Steady state haematological characteristics of Nigerians with sickle cell anaemia and those with normal adult haemoglobin

Background: Sickle cell anaemia (SCA) is a hereditary disorder associated with high morbidity and mortality. The objective of this study is to determine the haematological parameters among patients with SCA and to compare it with those of haemoglobin AA individuals. Methods: Cross-sectional study was conducted among known SCA patients and Haemoglobin AA individuals recruited from among blood donors, medical students and staff. About 2mls of blood collected from each participant for haemoglobin electrophoresis and full blood count analysis using haematology autoanalyzer. Ethical approval was gotten from the institution and informed consent was gotten from the participants.
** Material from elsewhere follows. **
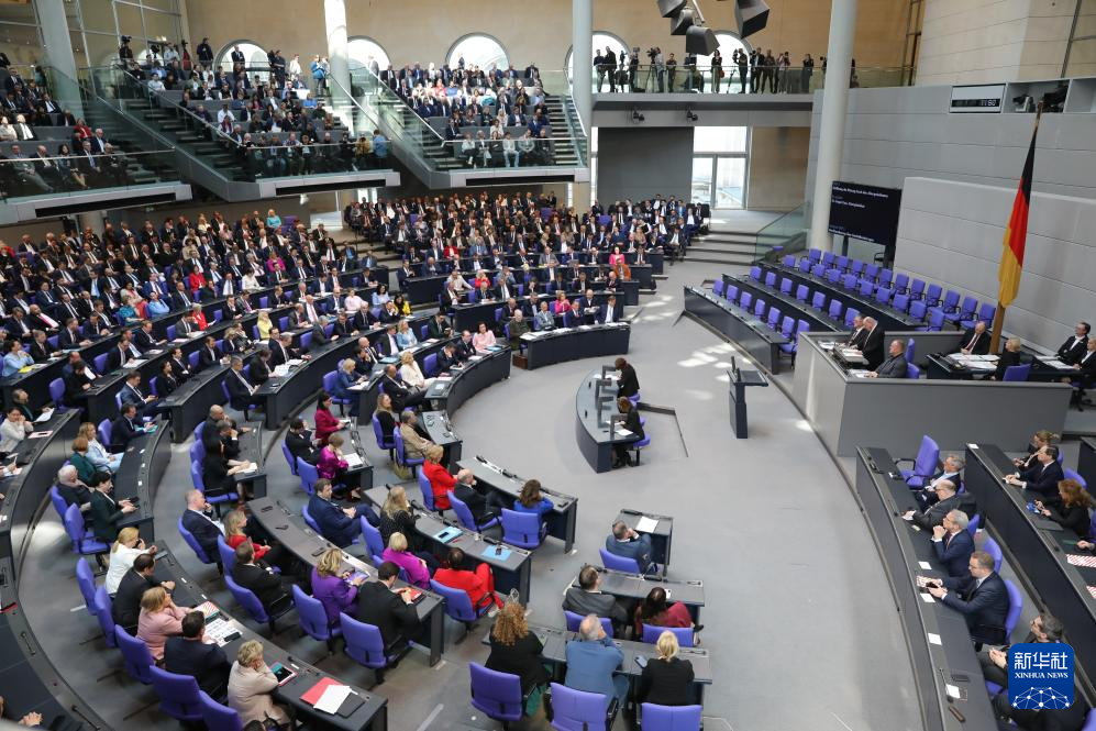 3月25日,在德國柏林,新一屆德國聯(lián)邦議院成立并召開首次全體會議。新華社記者 杜哲宇 攝
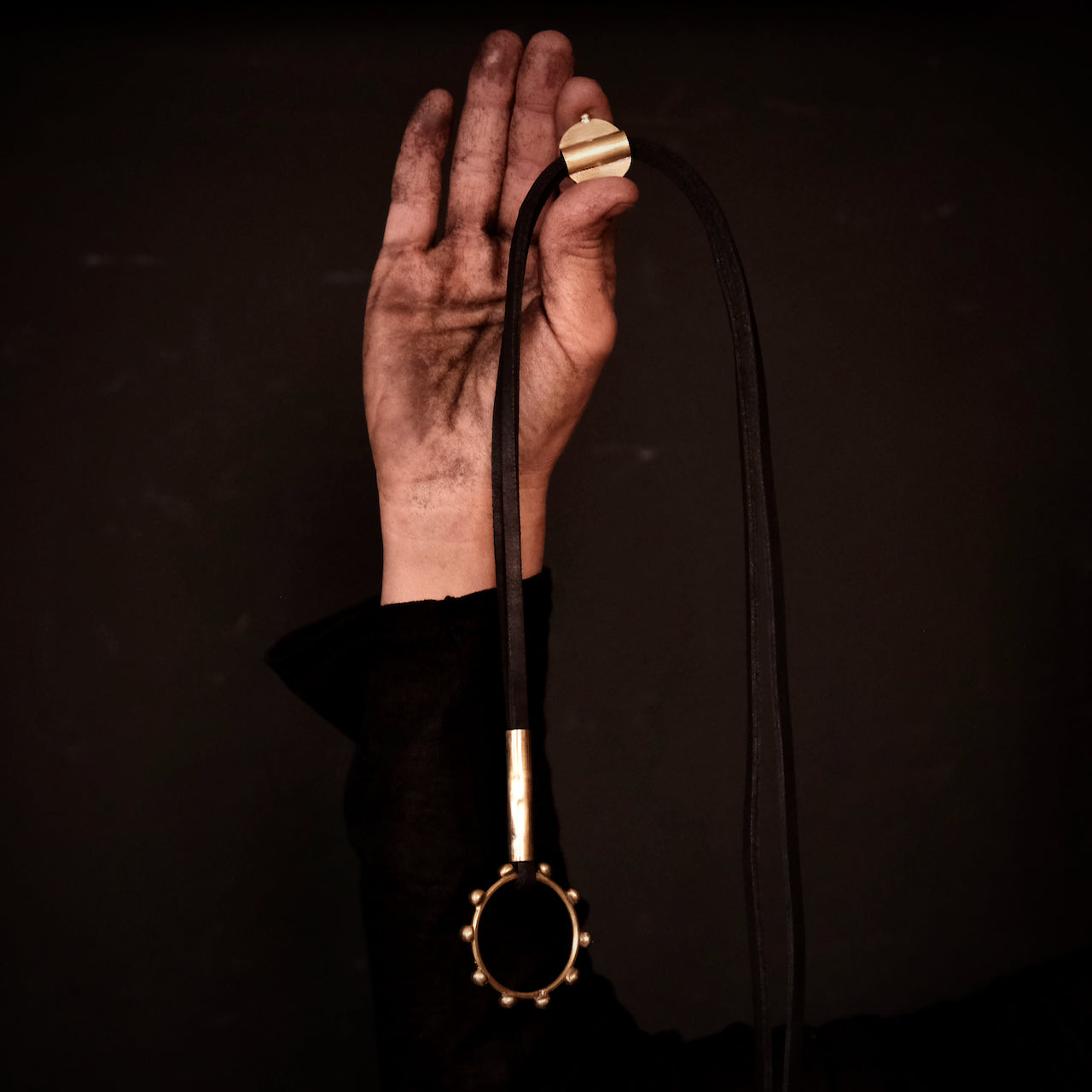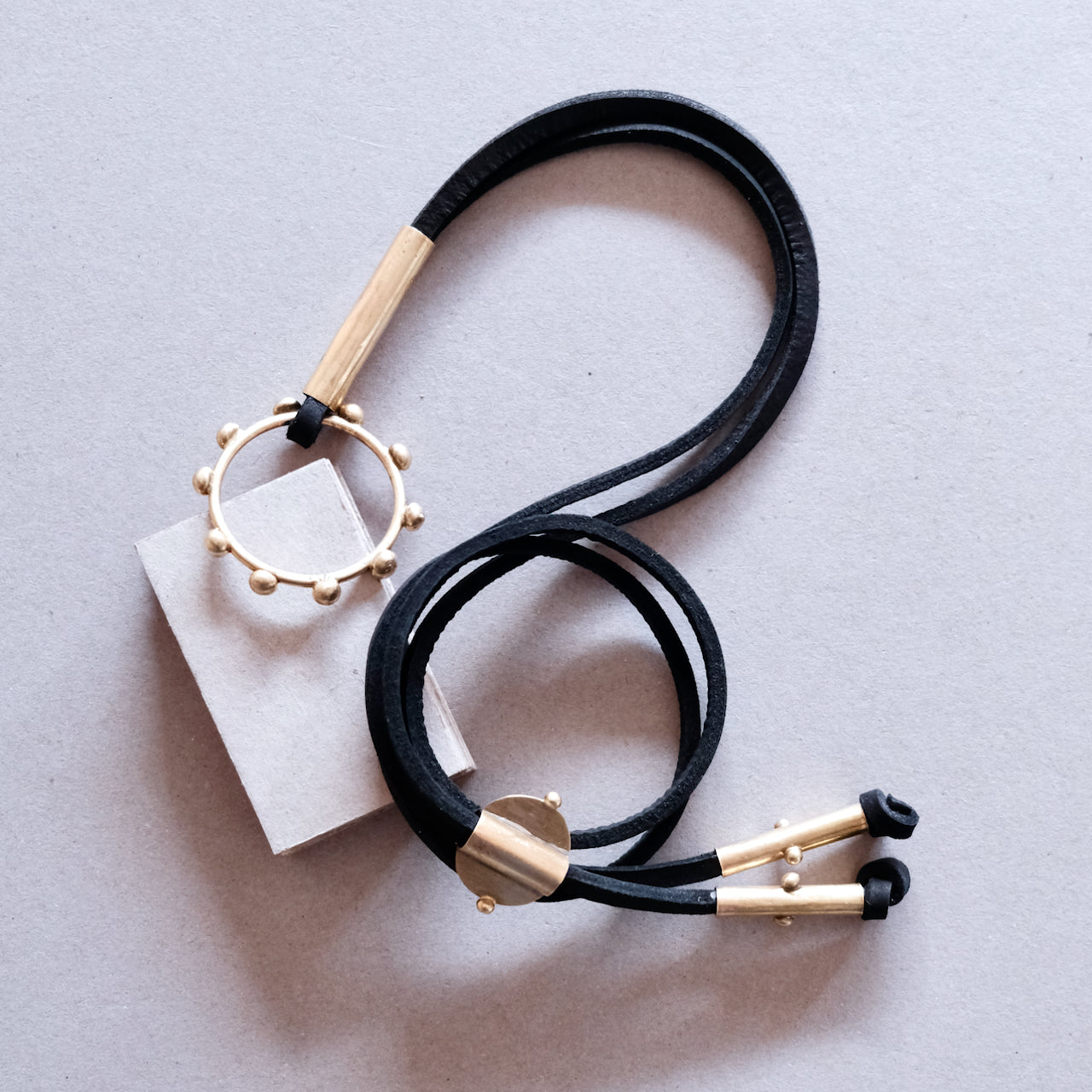 Cercle orné de points sur une bande de cuir réglable avec détails cylindriques en laiton.

Data was analysed using SPSS software, version 20. Results: One hundred and eighty six participants were recruited, made up of 84 persons with sickle cell anaemia and 102 haemoglobin AA control. Sickle cell anaemia patients had a mean haematocrit of 22.9% which is significantly lower than the haematocrit of 38.4% (P= 0.000) in haemoglobin AA control. Likewise SCA patients had a mean haemoglobin concentration of 7.3g/dl which is significantly lower than haemoglobin concentration of 12.5g/dl (P= 0.000) in Haemoglobin AA control.  Conclusion: Individuals with sickle cell anaemia have higher values for white blood cell and platelet count as well as red cell distribution width, mean cell haemoglobin concentration but lower values for haemoglobin concentration, red cell count and packed cell volume  compared to haemoglobin AA individuals.